Never get so caught up in the goals of the team that you sacrifice the members for the goal.. remember that we are to bring everyone on the team to a high level of maturity in Christ.
God has given many different gifts to the church. Allow people to function in their gifts instead of making them carbon copies of each other.
Have Grace one for another.. give each other room.
Keep each member of the team growing. Encourage that learning and development process in each member, and give them room to make mistakes so that they can learn/grow from their mistakes.
CONTINUING ON:
Everyone has physical needs, financial problems, family demands and social desire. Phili. 2:4 Look not every man on his own things, but every man also on the things of others.
Be concerned about the growth and goals of each other. This requires time together. It requires things like retreats, social events, relaxing (playing together). Paul felt this way towards those working with him. Phili. 2:25, 27 2 Tim. 1:2-4 Philemon 1:10, 13, 15-16, 18
Teams that don't bond can't build. The team needs to become a cohesive unit.
When a team member cares about no one but himself the whole team suffers. Can you imagine a man in a boat doing nothing while the two guys at the other end of the boat are furiously bailing water. He says "Thank God that hole isn't in my end of the boat!"
Building relationships is the key in producing caring attitudes. For team work-ministry to really work, great care must be given to interpersonal relations. You can't escape this. A pastor may spend hours in his study working on sermons, but if he never relates to people there is something missing though his sermons be packed with knowledge and wisdom.
This excerpt is from "Chicken Soup For The Soul" book 2 page 13, "The two-hundredth hug" by Harold Bloomfield, M.D.
My fathers skin was jaundiced as he lay hooked up to monitors and intraveinus tubes in ICU. Always a well built man he had lost 30 pounds. He had cancer of the pancreas and was given 3-6 months to live.
I approached my dad and said, "Dad, I feel deeply for what's happened to you. It's helped me to look at the ways I've kept my distance and to feel how much I really love you."
I leaned over to give him a hug, but his shoulders and arms became tense. "C'mon, Dad, I really want to give you a hug."

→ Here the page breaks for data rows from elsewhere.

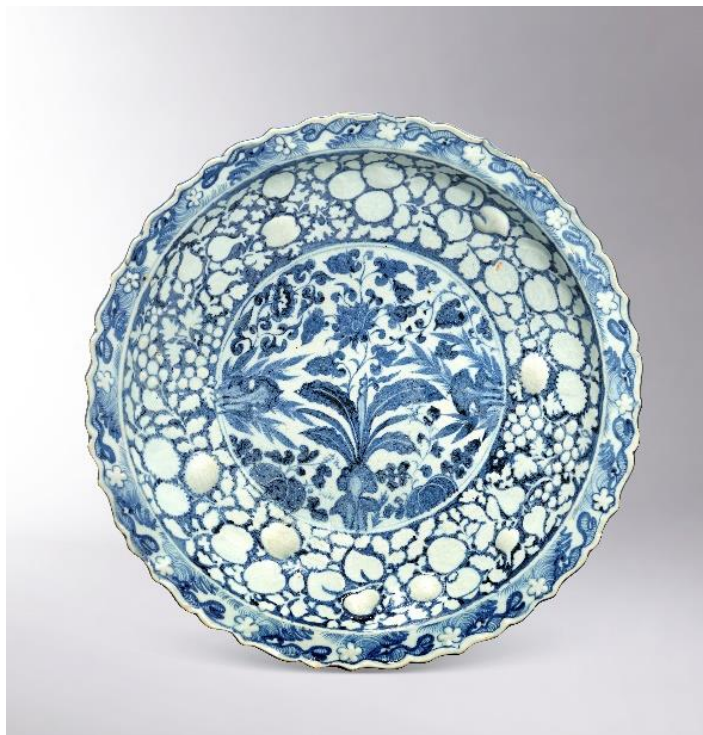
AN IMPORTANT AND EXCEEDINGLY RARE BLUE AND WHITE 'PLANTAIN TREE' BARBED-RIM CHARGER YUAN DYNASTY (1279-1368) 16 3/4 in. (42.5 cm.) diam. Estimate: HK$20,000,000 – 30,000,000

Magnificent in size, exceeding 42cm in diameter, this extremely rare 'plantain tree' barbed-rim charger showcases a combination of several decorative techniques. It features 'blue-on-white' motifs in the center, reverse 'white-on-blue' motifs on the well, and additional molded decorations. Chargers with such intricate designs would have required significant cost and time to produce, resulting in only small quantities being made for the upper echelon of society. The inclusion of the barbed-rim shape further adds complexity to the design, enhancing its appeal to collectors.
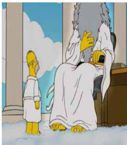
Image from The Simpsons , 'Thank God, It's Doomsday'.

Images of God, Faith, Relationship, Trust, Trinity, Old Testament, New Testament, Fortress, God, Love, Prayer, Good Shepherd, Father, Mother, Hope, Learning.
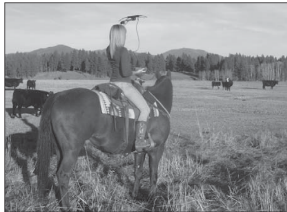
Figure 4. An important aspect of the range rider effort was the capture and radio-collaring of adult wolves ( Canis lupus ) by FWP in areas with known packs. By knowing the location of the radio-collared wolf, range riders could more regularly maintain a human presence in targeted areas to help discourage livestock depredations by wolves and to improve assessment of livestock condition and vulnerability to wolves (photo courtesy of T. Parks).

This initial effort was important for several reasons. First, by starting with a respected ranch family and hiring a local family member who was highly competent and well known in
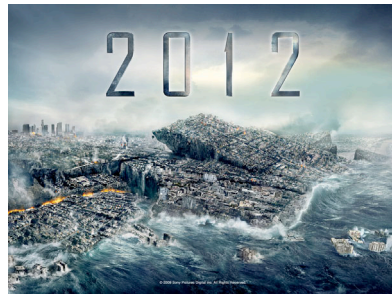
Movie poster for '2012', released in November 2009. The movie features worldwide tectonic activity and natural disasters, triggered by the Sun.
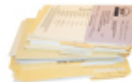
Office paper and file folders
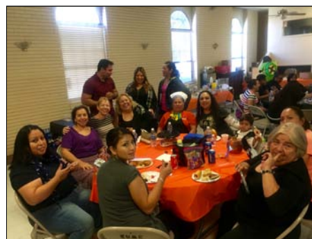
Level 2 English students enjoying their time together outside of class

Can you believe SSP has been serving families for eight years!?! Neither can we! This year we celebrated our eighth
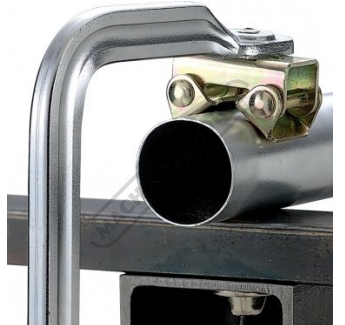
V Pad Jaw
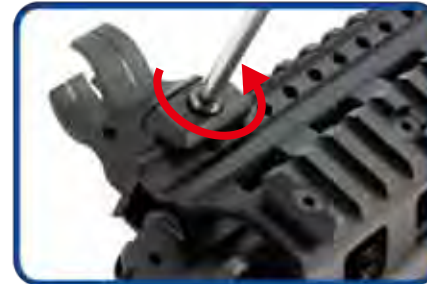
Unscrew the screw to disassemble the front sight.
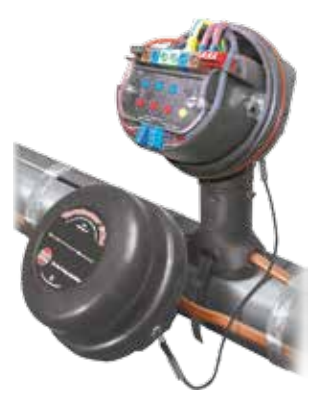
Electronic Thermostat with RTD Sensor
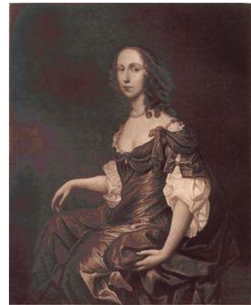
Bridget Cromwell 1624-1662
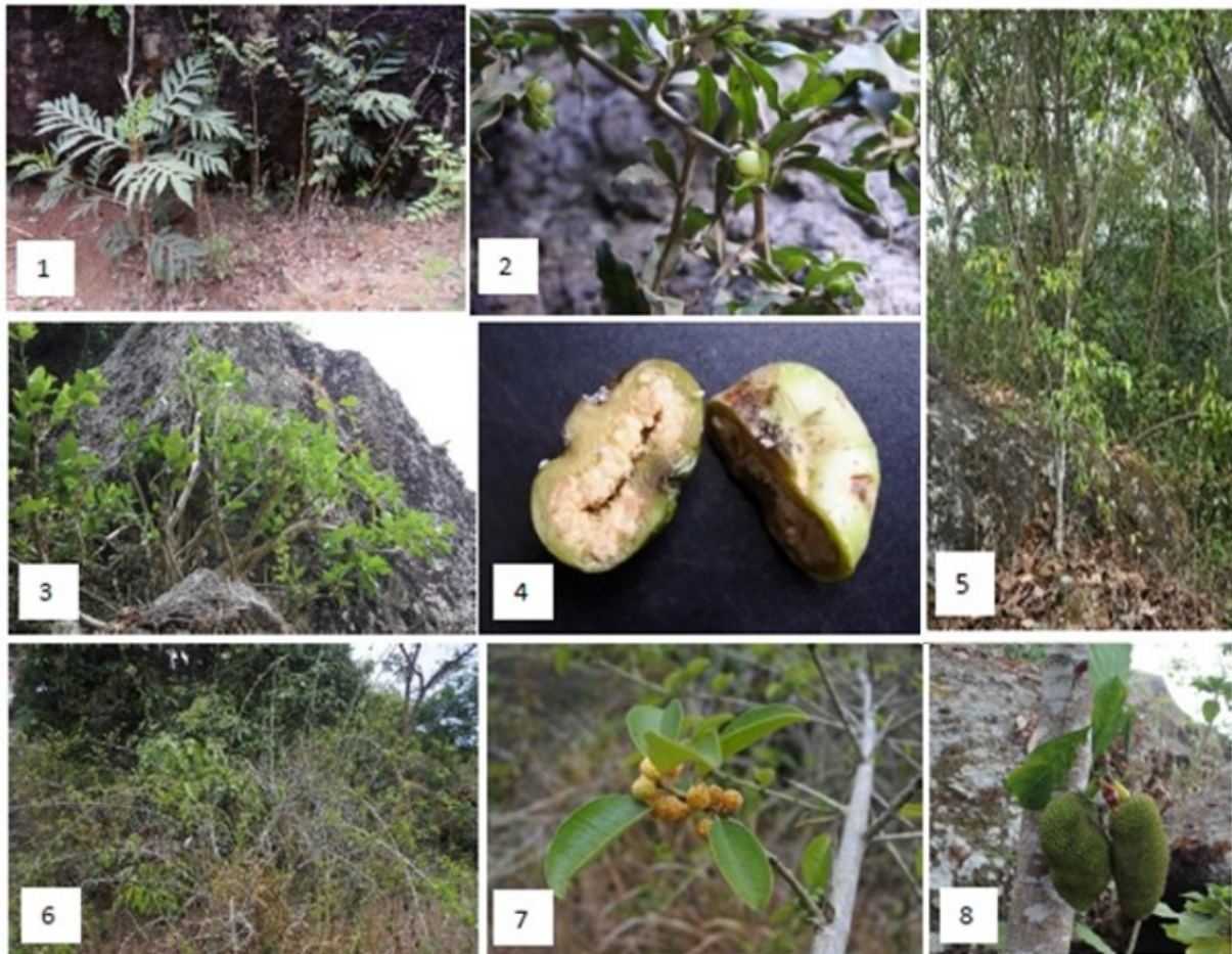
Figure 2. Species of Moraceae found in Nglanggeran were A. altilis (1), S. taxoides (2), F. septica habit (3), F. septica inflorescences (4), F. benjamina (5), M. cochinchinensis habit (6), M. cochinchinensis inflorescences (7), A. heterophyllus (8).
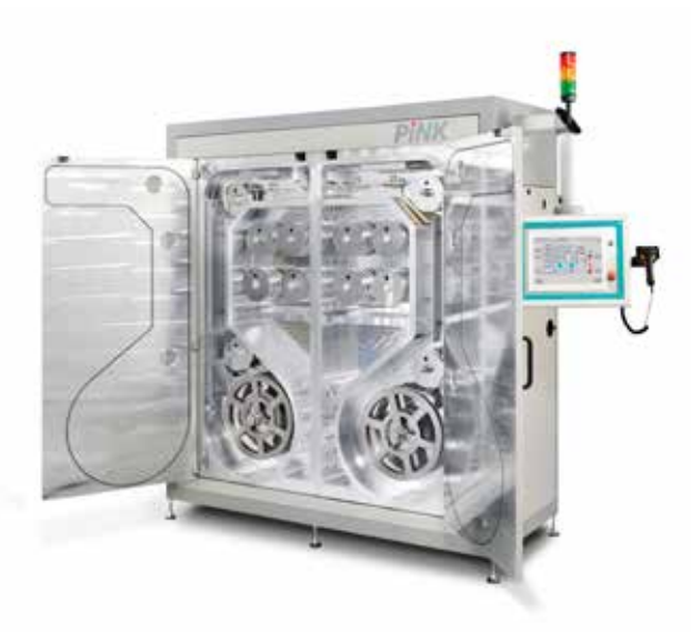
Example for a reel-to-reel system by PINK.

PINK designs customized systems for this application. For example a system consisting of three chambers: One for unwinding, winding and intermediate plasma treatment, respectively. An interleave can be removed and supplied automatically.
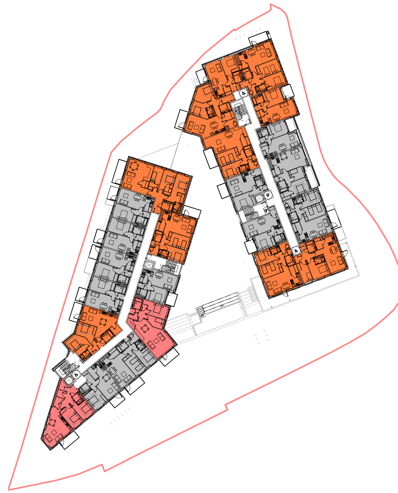
3 DA-01 1:500
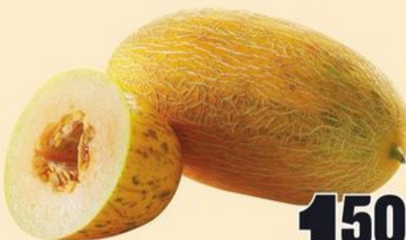
HAMI MELON PRODUCT OF U.S.A. 3.31/KG 21051297001_KG

Members-Only Price ™ 2 99 Non-members 3 99
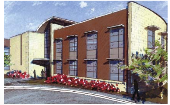
Bids have been solicited for the College of Nursing building. They will be opened later in January.
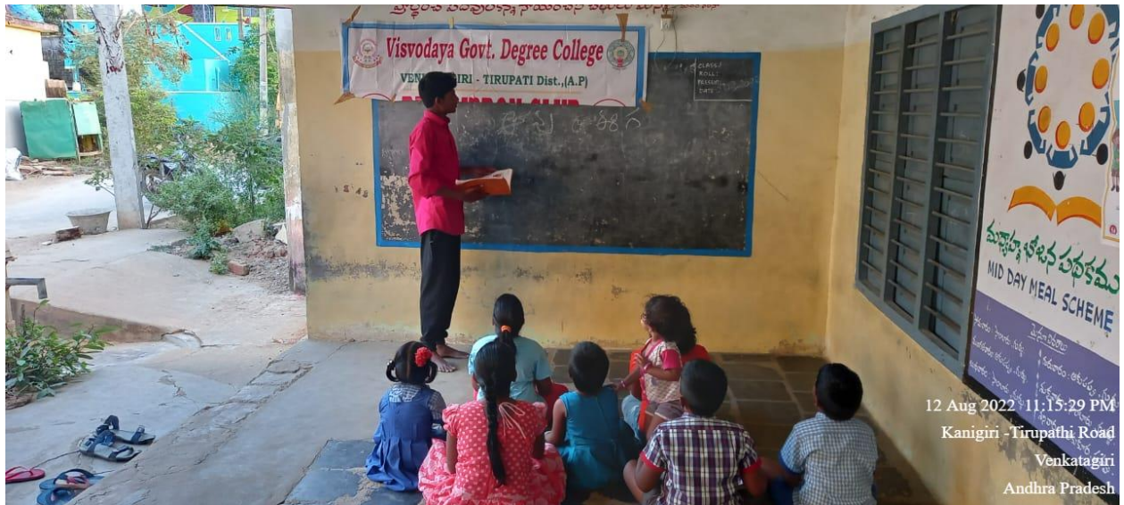
12 Aug 2022 11:15:29 PM Kanigiri - Tirupathi Road Venkatagiri Andhra Pradesh
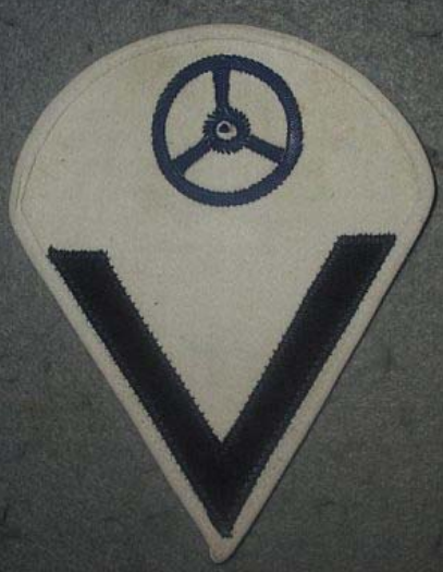
Kraftfahrergefreiter (Seaman 3rd Class) Hand-embroidered wheel, cloth chevron.
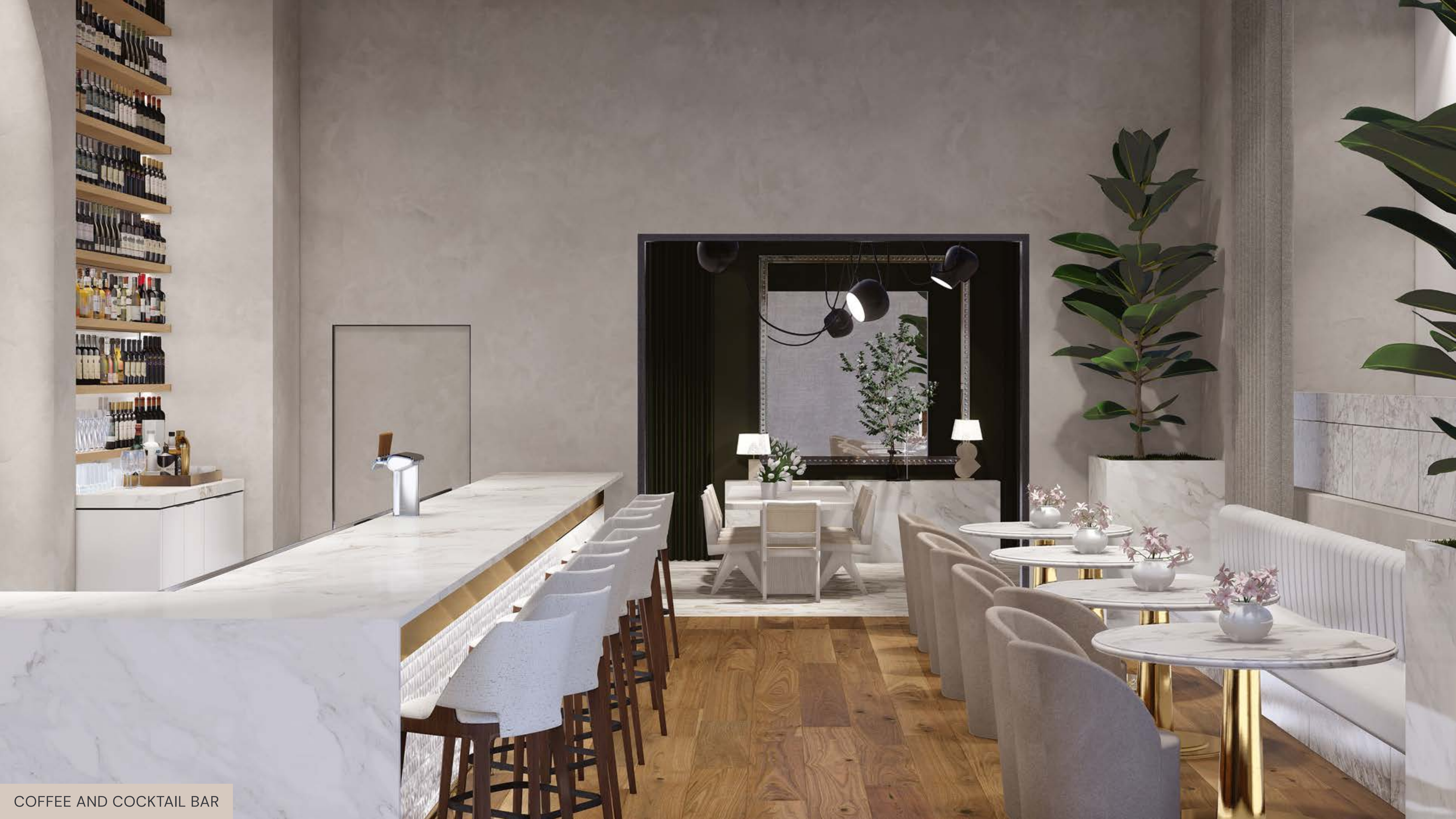
COFFEE AND COCKTAIL BAR

For a moment he looked shocked. Showing affection was not our usual way of relating. I asked him to sit up some more so I could get my arms around him. Then I tried again. This time he was even more tense. I could feel the old resentment starting to build up, and I began to think, 'I don't need this. If you want to die and leave me with the same coldness as always, go right ahead.'
For years I had used every instance of my fathers resistance and rigidness to blame him, to resent him and to say to myself "see he doesn't care." This time, however, I thought again and realized the hug was for my benefit as well as my father's. I wanted to express how much I cared for him no matter how hard it was for him to let me in. He had always been a man to shut off his emotions.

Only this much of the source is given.